Recorded information:
____________

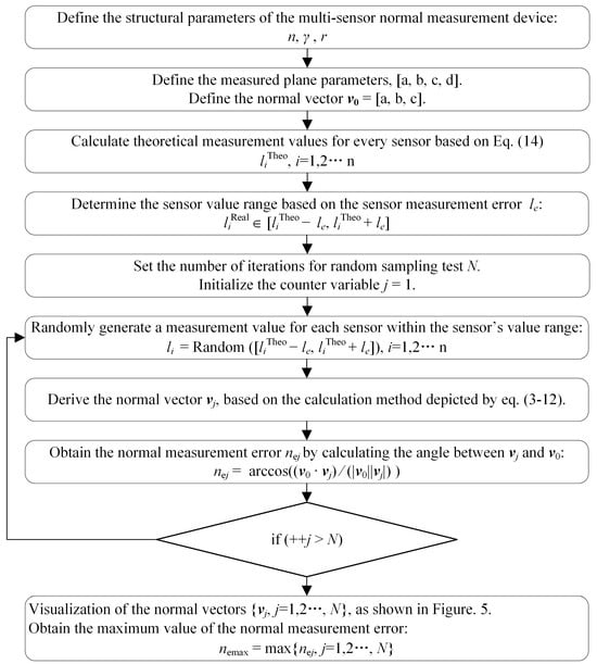 This is shown in Figure 3a. After obtaining the theoretical measurement value for sensors, a random measurement error within the sensor error range is selected for each sensor. The laser spots calculated with sensor values that include measurement errors also carry coordinate errors, which lead to a discrepancy between the fitted normal vector and the theoretical normal of the measured plane, resulting in normal measurement errors, as depicted in Figure 3b. Repeating the process of the random sampling of sensor measurement errors and recomputing the normal vectors, a group of varying normal measurement results with different errors are gradually obtained, as illustrated in Figure 3c. Furthermore, as the continuous sampling of diverse instances within the sensor error range is conducted to compute normal vectors, the accumulated normal measurement results progressively approximate the actual distribution of measurement errors, and the maximum normal measurement error nemax indicates normal measurement accuracy. The complete process of the normal measurement error estimation method based on random sampling is illustrated in Figure 4.
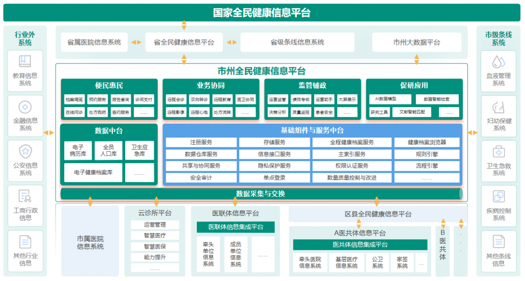 以医共体建设为核心支撑,全面助力打造高效、互联的全市全民健康信息平台。通过整合区域医疗资源,围绕便民惠民、业务协同、监管辅政、促研应用四大体系,打通市县乡村四级医疗机构的数据壁垒,构建一体化的健康服务体系,实现诊疗信息互通、资源共享和业务协同,让数据多跑路、群众少跑腿。
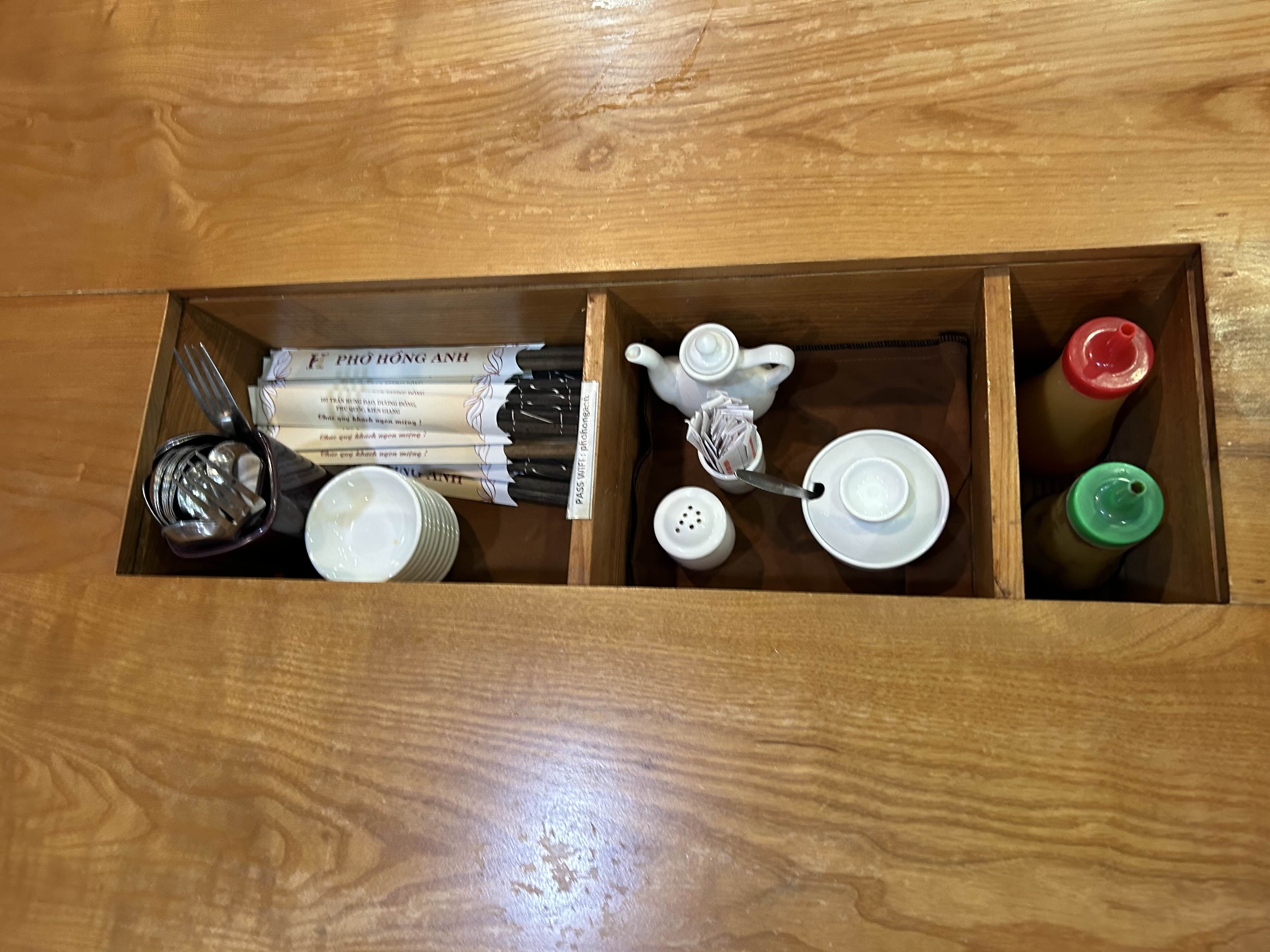 각종 소스와 수저를 꺼낼 수 있었어요.

____________

Problem description: Starting at the line that contains "以医共体建设为核心支撑,全面", retype every line through the end of the material exactly as written, including both end lines but no pictures.

Written solution:
 以医共体建设为核心支撑,全面助力打造高效、互联的全市全民健康信息平台。通过整合区域医疗资源,围绕便民惠民、业务协同、监管辅政、促研应用四大体系,打通市县乡村四级医疗机构的数据壁垒,构建一体化的健康服务体系,实现诊疗信息互通、资源共享和业务协同,让数据多跑路、群众少跑腿。
 각종 소스와 수저를 꺼낼 수 있었어요.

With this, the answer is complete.